Foreign students scared to leave their homes after stabbings in St Petersburg
An African student was stabbed to death and another seriously wounded in St Petersburg over the Christmas weekend, raising fears that hate crimes are spreading across Russia. A Cameroonian student was killed just hours after another two Africans were slashed with a knife on the same street. All three victims were members of St Petersburg's Water Transport University, where many foreigners study and live together in dormitories. Many are now terrified to go out onto the streets of St Petersburg.
"We don't know who the next victim will be," said Toni Dukimo, an African student who was a friend of the murdered victim. "Maybe it will be me, when I am going home tonight."
Russian police, who have been criticised for a muted response to a spate of similar attacks, were reluctant to describe the stabbing as racially motivated. "It could be hooliganism, a settling of scores, extremism," said Sergei Zaitsev, a local police spokesman. But human rights groups in Russia say the murder has all the hallmarks of a rise in racially motivated attacks by skinhead groups over the past few years which has been "practically ignored" by authorities and police.
Andrew Suberu, deputy head of African Unity, a support group for African students in St Petersburg, said skinheads were definitely involved.
"According to my information, the attackers looked like skinheads. Now such attacks are a usual story in St Petersburg," he said.
According to the Moscow Bureau of Human Rights (MBHR), 59 people have been killed in racist attacks in Russia in the past two years. In October, an 18-year-old Peruvian student was murdered in a southern university town popular with British students. Enrique Urtado was set upon by a gang of 20 youths who beat him and his friends with metal poles and wooden stakes.
Researchers have warned that Voronezh, a depressed city with high unemployment rates 300 miles south of Moscow, had become the country's main skinhead recruiting ground, labelling the city a "crucible of race hatred". Russia is estimated to be home to more than 50,000 skinheads, with 10,000 in Moscow and 5,000 in St Petersburg alone.
Critics argue the lethargic attitude of the police in chasing and prosecuting racist attacks has encouraged neo-Nazi groups to flourish. Using names such as "Blood and Honour", "Moscow Hammer Skin" and "Skin Legion" some observers fear their numbers could rise to over 100,000 within a few years.

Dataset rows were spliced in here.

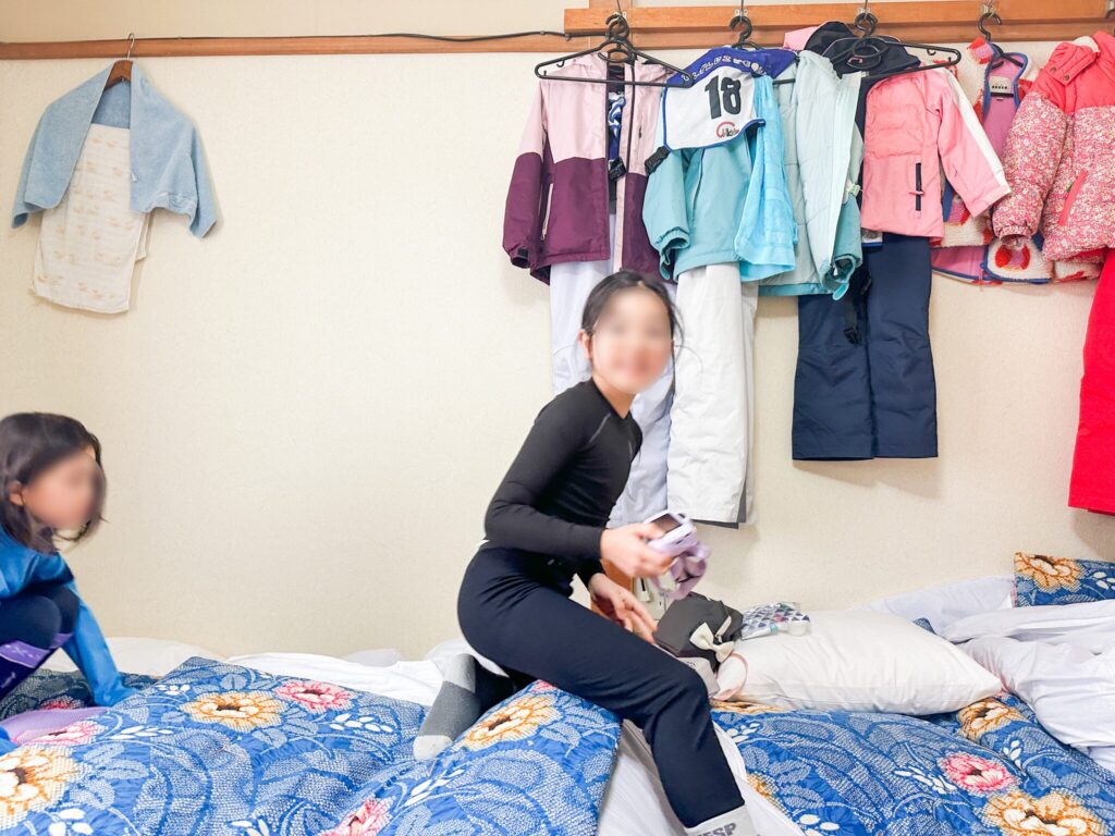 2日目の朝、朝陽と共に子ども達が目を覚まします。今日のレッスンが待ち遠しい様子で、起床するとすぐに自分たちで布団を綺麗に畳み、着替えや荷物の整理整頓を始め、スキーの準備を進めます。
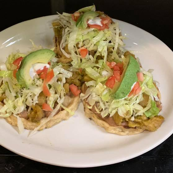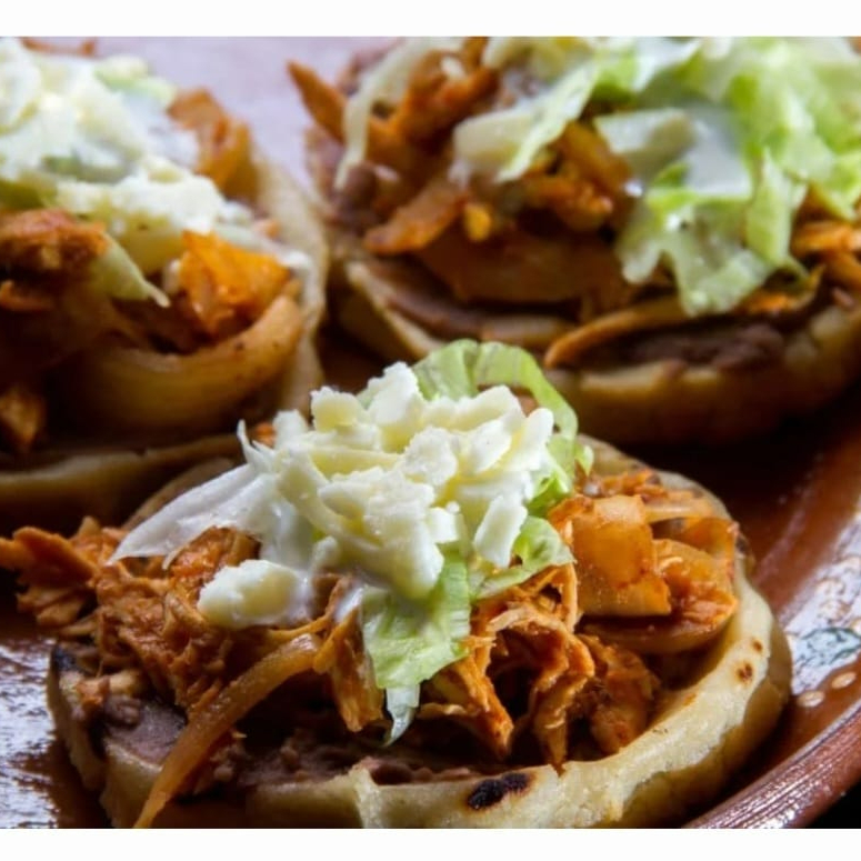 Ricoe sopes echos de masa de nixtamal untados con asientos de puerko y frijoles refritos con chicharron en salsa verde encima acompañado de lechuga, tomate, aguacate, crema y queso.
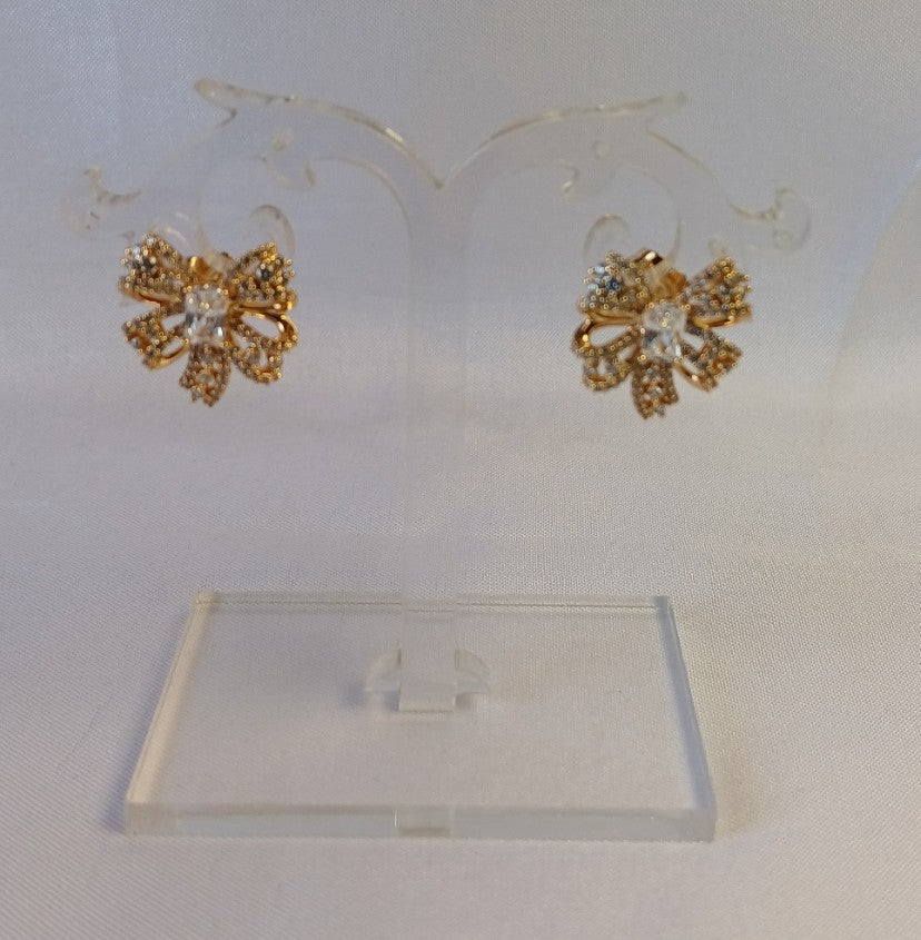 These AD Bow Studs showcase a delicate golden bow design fully embellished with sparkling American diamonds. Their elegant shimmer complements any outfit, making them perfect for adding a touch of sparkle to your everyday look or special occasions. Lightweight and comfortable, these studs enhance your style with subtle sophistication.

It is not just extremist racism on the peripheries of society that is worrying observers. A leading racism monitoring website in Russia surveyed opinion in the first half of 2005 and found up to 60 per cent of Russians held some type of xenophobic viewpoint. Among the least-liked ethnic minorities were Chechens, Azeris and Armenians. Much of the neo-Nazi literature circulating among extremist groups in Russia has concentrated on insisting Russia is a purely white country.
Political parties have also increasingly resorted to tough immigration policies and xenophobic rhetoric to win votes. The MBHR recently published a report monitoring xenophobia during the Moscow local elections and found "a number of political parties adhering to xenophobic slogans in their election campaigns". Slogans such as "Russia for Russians" and "Russian faces in the Russian capital" were increasingly popular, they said.
In June this year, public figures from St Petersburg wrote an open letter to President Vladimir Putin warning him of the rise of neo-Nazism in Russia. "You certainly know that in the last years along with traditional anti-Semitism and xenophobia another kind of racism is thriving in Russia," they wrote. "The racism of Nazi nature is the ideological basis for crimes sweeping over our country."